◆ **GIVEN INFORMATION**:
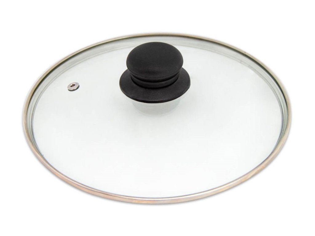Skleněná poklice s plastovým úchytem a otvorem pro únik přebytečné páry.Využijete ji na hrnec, kastrol, rendlík nebo pánev.
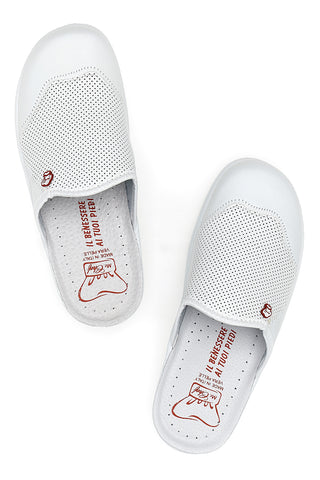 Ai fornelli la comodità è essenziale, affronta la tua giornata in cucina con le ciabatte in pelle Mr Chef. Punta arrotondata e sottopiede in Vera pelle traforata per una maggiore traspirabilità, suola alta in gomma. Per un benessere che dura tutto il giorno!
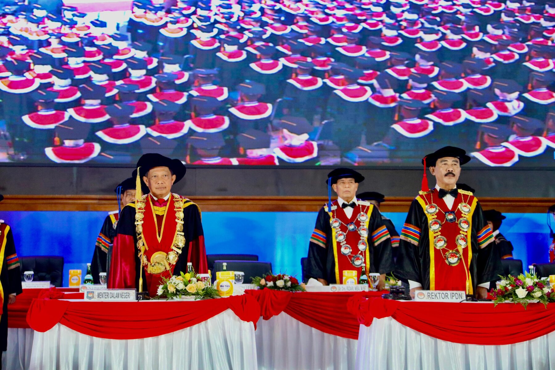 Hal itu disampaikannya pada Sidang Terbuka Senat IPDN dalam Rangka Wisuda Program Doktor Ilmu Pemerintahan, Program Magister Terapan Studi Pemerintahan, dan Program Sarjana Terapan Ilmu Pemerintahan Tahun Akademik 2023/2024. Kegiatan tersebut berlangsung di Balairung Rudini Kampus IPDN Jatinangor, Kabupaten Sumedang, Jawa Barat, Senin (29/7/2024).
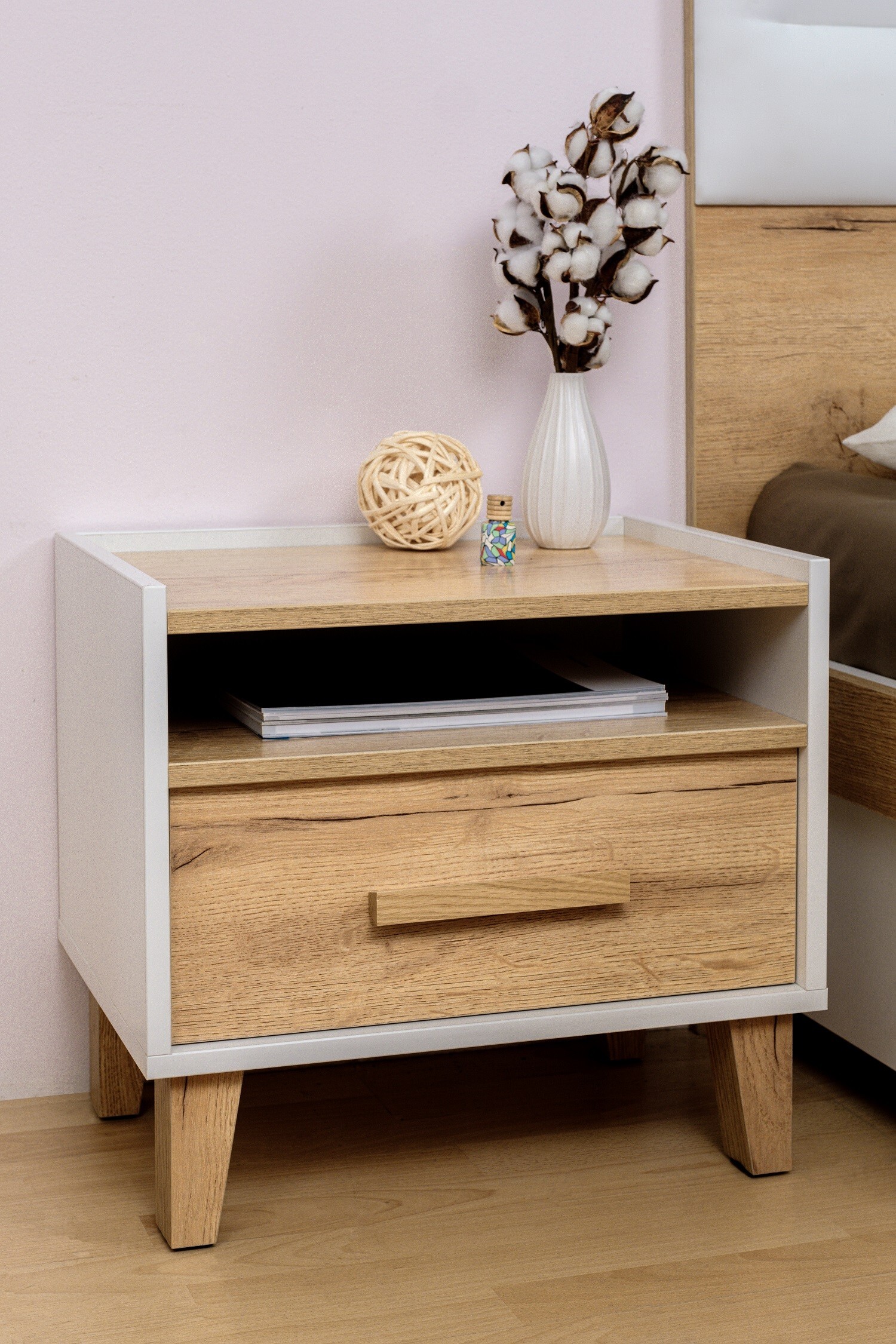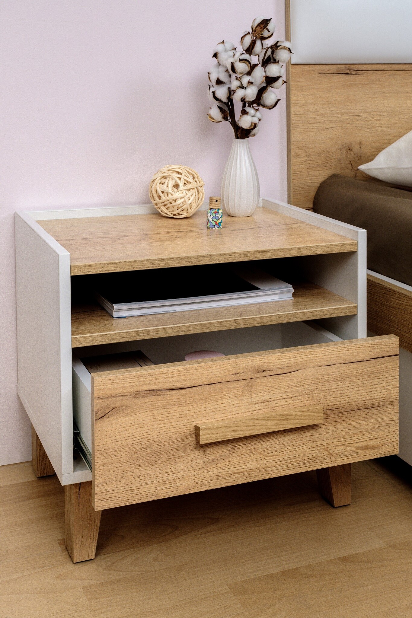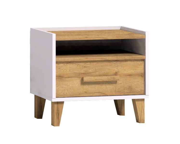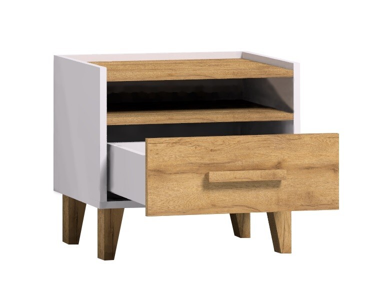 Прикроватная тумба гармонично дополняет мебельный гарнитур в спальне. В поисках тумбы в скандинавском стиле рекомендуем обратить внимание на Айрис. Модель на высоких ножках - это практичное место для хранения мелочей, которые необходимо иметь под рукой перед сном и с утра после пробуждения. Ручки из массива дерева выполнены в том же декоре, что полка, фасад ящика и ножки. Декор "дуб золотистый" имитирует текстуру натурального дерева и прекрасно сочетается с белым корпусом модуля.

◆ **PROBLEM REQUIREMENTS**:
Only the pictures are to be left out; the rest of the material above should be printed verbatim.

◆ **TASK RESPONSE**:
Skleněná poklice s plastovým úchytem a otvorem pro únik přebytečné páry.Využijete ji na hrnec, kastrol, rendlík nebo pánev.
 Ai fornelli la comodità è essenziale, affronta la tua giornata in cucina con le ciabatte in pelle Mr Chef. Punta arrotondata e sottopiede in Vera pelle traforata per una maggiore traspirabilità, suola alta in gomma. Per un benessere che dura tutto il giorno!
 Hal itu disampaikannya pada Sidang Terbuka Senat IPDN dalam Rangka Wisuda Program Doktor Ilmu Pemerintahan, Program Magister Terapan Studi Pemerintahan, dan Program Sarjana Terapan Ilmu Pemerintahan Tahun Akademik 2023/2024. Kegiatan tersebut berlangsung di Balairung Rudini Kampus IPDN Jatinangor, Kabupaten Sumedang, Jawa Barat, Senin (29/7/2024).
 Прикроватная тумба гармонично дополняет мебельный гарнитур в спальне. В поисках тумбы в скандинавском стиле рекомендуем обратить внимание на Айрис. Модель на высоких ножках - это практичное место для хранения мелочей, которые необходимо иметь под рукой перед сном и с утра после пробуждения. Ручки из массива дерева выполнены в том же декоре, что полка, фасад ящика и ножки. Декор "дуб золотистый" имитирует текстуру натурального дерева и прекрасно сочетается с белым корпусом модуля.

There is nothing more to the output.